Though, I tend to reply to most all of my texts. At least until the person gets hellishly annoying.


----------



## billydamndean

Just Send it And Forget it


----------



## Drake

What is this texting thing that you are talking about?

Actually just assume that whoever I am texting, or email has a good reason for not being able to respond, such as the death of a loved one, chronic leprosy, or something such as devastating.


----------



## INFpharmacist

Introverted Thinkers read text messages. 

Introverted Feelers write text messages. 

Extroverted Thinkers interact through text messages. 

Extroverted Feelers express themselves through text messages.

(or at least that's what I've noticed...)


----------



## 666

treesee said:


> Depends on the person. If I know they are kind of a space cadet about texts I dont think anything of it (one of my* INFJ friends for example will reply after 2 days *lol). Other than that everyone seems pretty good about it because i always try my best to reply and tend to focus my attention on people who reciprocate.


That's so true of me.. lol but myself I find It annoyng when a person I'm interested in does this to me. My one ex. ENFJ was answering just when I'd get pissed... Finally I left him for that. Now I've got an ENTJ.. nd he's kinda in my role, this doesn't annoy me, cause I'm not that crazy about him yet, but I'm getting at that point and this freaks me out, seriously, I don't want to leave him, but such behaviour pisses off too bad.. I end so many relationships because of this, let's call "nonsense"...


----------



## windex

Vanity .


----------



## Lilsnowy

INFpharmacist, that is brilliant. Thank you. I'm making that wallpaper on my phone!


----------



## Mercer

DayLightSun said:


> Don't.
> It's our instant gratification culture that has you feeling that way.
> At least part of it.


i never thought of it that way. i sometimes feel like that when someone dosnt answer my facebook messages.


----------



## Korvyna

If I didn't ask a question in the text message I don't mind not getting a reply... Because if someone texts me something, and I don't really have a reply I tend to ignore it too. Well, unless it's them telling me something like "Hey I got the house!" Then I'll reply with a simple congrats. Well, unless someone asks me a direct question, I don't always reply. So in turn, I tend to not get upset if someone doesn't reply to me either.

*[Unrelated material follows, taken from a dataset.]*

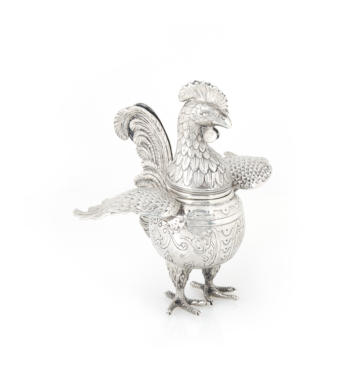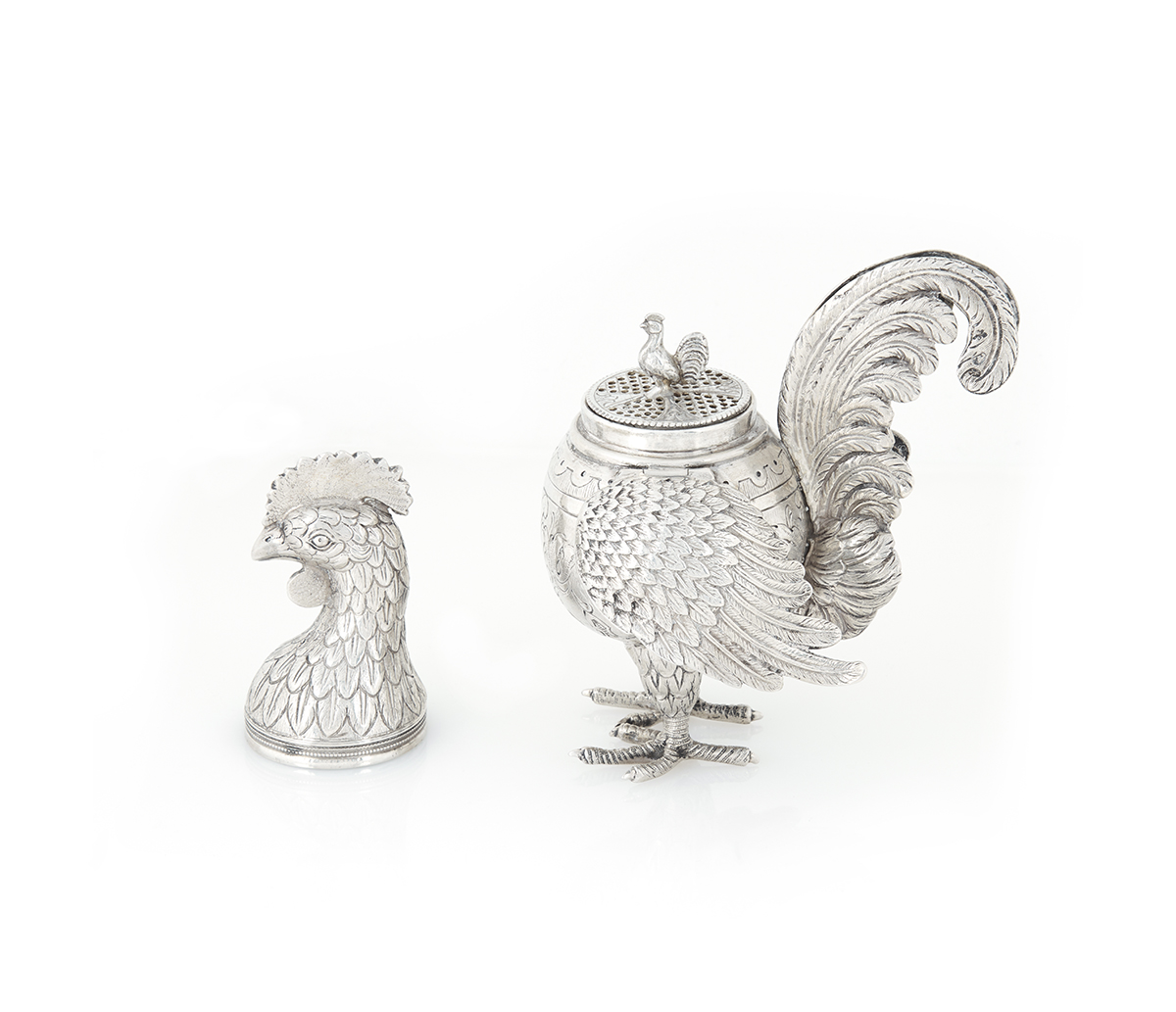 This antique silver and enamel figural rooster container is identified as antique, with a suggested period of circa 1900 and potential German origin. The item takes the form of a figural rooster. Similar items have been identified as spice containers (besamim), cocktail shakers, salt shakers, or sugar boxes.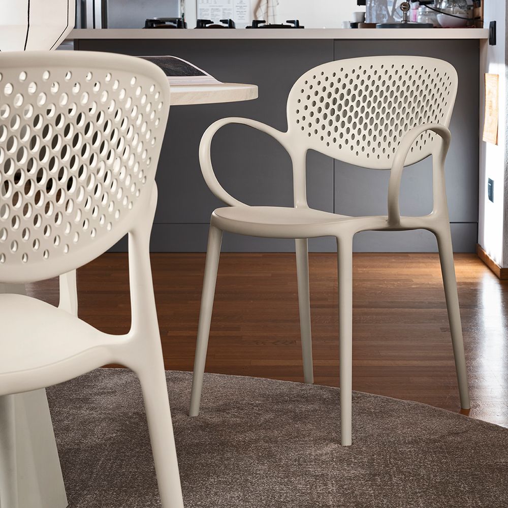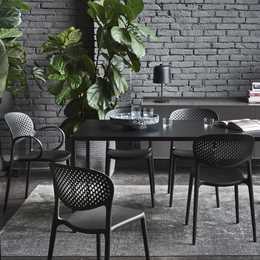 The Abby chair is enriched with a new version equipped with a perforated backrest.

Though, I've also noticed a lot of people I know don't tend to have their phone by their side every waking moment of the day like I do... So while I might send a text after work, I may not get a response for a couple of hours because they didn't have their phone near them. I've even been slacking lately since I've been sick.:shocked:


----------



## Spooky

I started this thread about 7 months ago and I must say that I don't take it so personally anymore when someone doesn't reply to my text. It really depends on the content of the message, who I was sending it to, and if I was asking a question.


----------



## Scylla

Spooky said:


> I started this thread about 7 months ago and I must say that I don't take it so personally anymore when someone doesn't reply to my text. It really depends on the content of the message, who I was sending it to, and if I was asking a question.



that's great!

yeah, i think a few years ago i would also have taken it personally (or at least questioned why), but now i don't get upset UNLESS it's by someone i am really into, or a message that's urgent.


----------



## INFpharmacist

Lilsnowy said:


> INFpharmacist, that is brilliant. Thank you. I'm making that wallpaper on my phone!


Isn't it true, though? :crazy:

The best is how the Extroverted Thinkers text. They're so funny... You won't get a text from them for long periods of time, but whenever there's something going on, they're all over it!


Whenever it comes to texting, there's so much that I feel like writing. (Cuz hey, I like writing! :tongue Sometimes I have to stop myself from writing too much, though. I'll read over messages before I send them out, because I'm afraid of sending out needless words or details. To me, texting is almost a form of shorthand, so the more concise the message, the better- which can be difficult at times.

Occasionally, it's easier to ignore a text than to respond to the extent that I would like. :blushed:


----------



## Aerorobyn

This usually depends. There are some people that I honestly don't care whether or not they reply; however, there are a select few that I feel a sense of rejection if I do not get a reply. Also, if it's something important, I would like a quick response. If I don't get it, I just get a tad bit frustrated. 

On a side note: The thing that irritates me most about text messages is getting those one word responses, especially when I receive one that just says, "K" in it.


----------



## Vanitas

No, but it does make me wonder if the text actually arrived or not. If it's nothing important, well, it doesn't really matter? I don't usually reply to small talks/ no question texts myself. 

But I try to be more sensitive when it involves personal relationships/ new acquaintances.


----------



## fishalee

amanda32 said:


> Nope, really no excuse. It just means they don't care enough about you to respond. And/or they don't have manners.



what if the person is just truly really busy and gets 89 texts a day and cant start a text conversation or worry about how her tone might sound if she replies really quickly? i think it's rude to call someone rude without thinking about his or her situation.


----------